0513 FOB Profile Thurston
Thomas Thurston exploring laser mathematics at OMSI's Kendall Planetarium
// Photo by Adam Wickham

Thomas Thurston is in his office above Lela’s Bistro in Northwest Portland, describing an entrepreneur he talked to earlier that week. “It just bugged me. Something about this person — every time I engaged with him, it just bugged me.” The CEO of Growth Science, Thurston doesn’t usually traffic in gut feelings. On the contrary, the 35-year-old “data scientist” is strictly in the numbers game, creating computer algorithms to predict whether new companies and innovations will succeed or fail.

Until recently, Thurston worked primarily as a consultant to large Fortune 500 companies. But this past January, Growth Science shifted its focus to smaller companies and startups, deploying a model with a reported accuracy rate of 85%. “It’s not perfect, but we’re predicting way better than intuition,” says Thurston of his (top secret) formula, which combines elements of statistics, computer science and cutting-edge business strategy theory.

In February Thurston signed on as a partner at the San Francisco-based Ironstone Group venture fund, bringing his method for identifying winners and losers to an industry that often bases decisions on personal relationships and those ineffable gut feelings. “People who start companies are brave, smart, likable,” says Thurston. “But if we don’t get a green light with the model, we’re not going to invest.”

Mild-mannered and self-deprecating — “Gosh, I’m not an engineer, I’ve never taken calculus; my value is asking the stupid questions” — Thurston holds law and MBA degrees and worked as an attorney for several years before moving to Intel Capital, a venture capital group that invests in outside companies. While reviewing potential investment candidates, Thurston became interested in looking for patterns that might indicate which businesses would go boom or bust.

So he pored over Intel case studies, business school innovation theories and obscure German doctoral theses, eventually creating a model based on Harvard Business School guru Clayton Christensen’s theory of “disruptive innovation”: the process by which a product or service enters at the bottom of the market, then gathers momentum and eventually surpasses established competitors.

How does Thurston’s model work? It’s rooted in the mountains of data he has collected on market and corporate dynamics, including the anticipation of future changes in the marketplace. Patterns of success or failure then emerge depending on different industry and business behaviors. “The key is identifying variables that are predictive of success and failure,” says Thurston, who is very hush-hush about those variables. It’s a process that involves “lots of hard, hard work,” he says. “You go through a whole haystack to find one needle.”

Since founding Growth Science five years ago, Thurston, a University of Oregon graduate who lives in Lake Oswego, has worked on automating the model to make it affordable for entrepreneurs, as well as for the billion-dollar companies that have been using the company’s simulations to guide product launches and acquisitions. The son of U.S. government aid workers who grew up in Honduras, Bolivia and Nepal, Thurston describes his work as “a social mission.” About 80% of startups fail, he laments. “People are losing their jobs; it’s terrible.”

Aiming to make more businesses fail less, Growth Science not only runs the simulation, but if the model gives a thumbs-down, it also offers guidance as to how to yield a better success rate.

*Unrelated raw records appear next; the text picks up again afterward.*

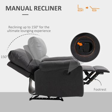 HOMCOM Recliner Chair, Manual Reclining Chair with Footrest, Padded Seat for Living Room, Bedroom, Study, Dark Grey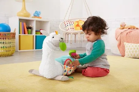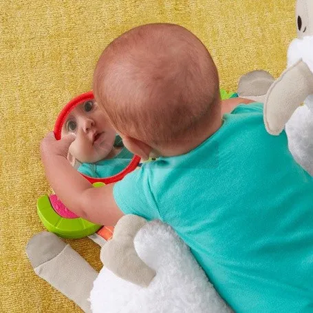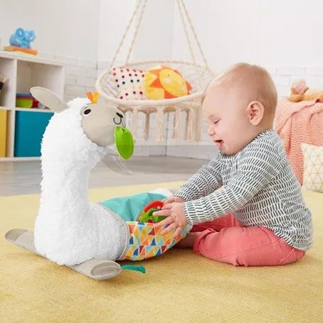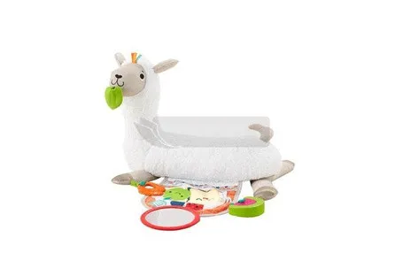 Ця доброзичлива лама пропонує чотири способи гри, поки ваша дитина росте. М'який валик допомагає дитині підтримувати правильне положення на різних етапах розвитку – від лежання на спині, часу на животику, до сидіння та ходьби з м'якою іграшкою. Набір також включає двосторонній міні-килимок для гри з кишенею для того, щоб класти та діставати речі, та три іграшки, включаючи дзеркальце, яке можна прикріпити до листка в роті лами або до міні-килимка для гри! Ця м'яка лама забезпечує вашому маленькому досліднику чудову зорову, слухову та тактильну стимуляцію. Цікаве заняття, яке розвиває. Сенсорика: Завдяки різноманітним матеріалам, які ваша дитина може торкатися та досліджувати, ця іграшка допомагає розвивати її почуття. Велика моторика: Лама підтримує вашу дитину, коли вона піднімає голову та встає під час часу на животику, зміцнюючи м'язи шиї та кора. Самосвідомість: Хто ця чарівна малеча? Дзеркальце, яке можна прикріпити до різних місць, допомагає вашій дитині розвинути відчуття себе – так, це обличчя, на яке ви дивитеся, ваше, крихітко!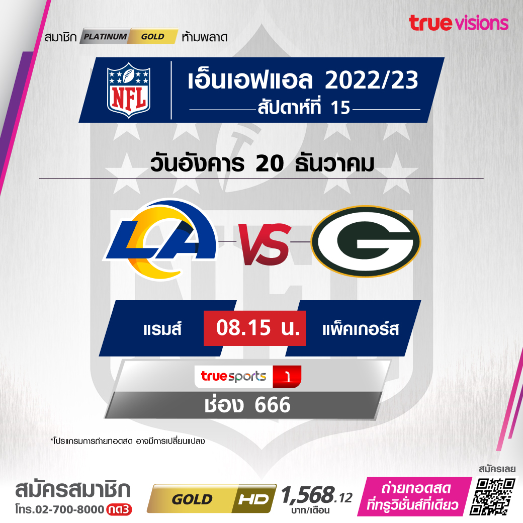 วันอังคาร 20 Rams Vs Packers เวลา 08.15 ทางช่อง TS 1 (666)

Extracting meaning and benefits from the reams of data unleashed by the information age has become all the rage in the past few years. Or, as Thurston puts it, data science is “taking off like a hockey puck.” Numerical models are being deployed to predict how the Supreme Court will rule on a given case, to find cures for disease, even to predict where crimes will happen. Data science entered the popular vernacular last year, when statistician Nate Silver plugged in information culled from polls, demographics, party registration and other sources — and correctly forecast the results of the 2012 presidential election in all 50 states.

Using computer simulations to predict the outcome of business decisions makes a lot of managers, executives and entrepreneurs uneasy, admits Thurston. “They’re afraid if the algorithm does the work, that brings their value and job into question.” Not to worry, he says, emphasizing that data science is simply about pattern recognition: “the tacit admission there are patterns in business — and that there are some patterns human brains are lousy at recognizing.”

But there will always be room for the human factor. An algorithm, observes Thurston, can’t tell if someone is annoying — like that hapless entrepreneur — or if a given product is interesting. “A computer,” he says, “can’t look at something and say it’s awesome.”



+2 #1 DavidGuest 2013-04-29 23:28:44
Very interesting work. And really good to see this coming from the Portland business scene. If this type of work can do 10% for business what Silver's models have done for election predictions, it would turn the current business investment/fund ing model on its head. Hopefully for the better.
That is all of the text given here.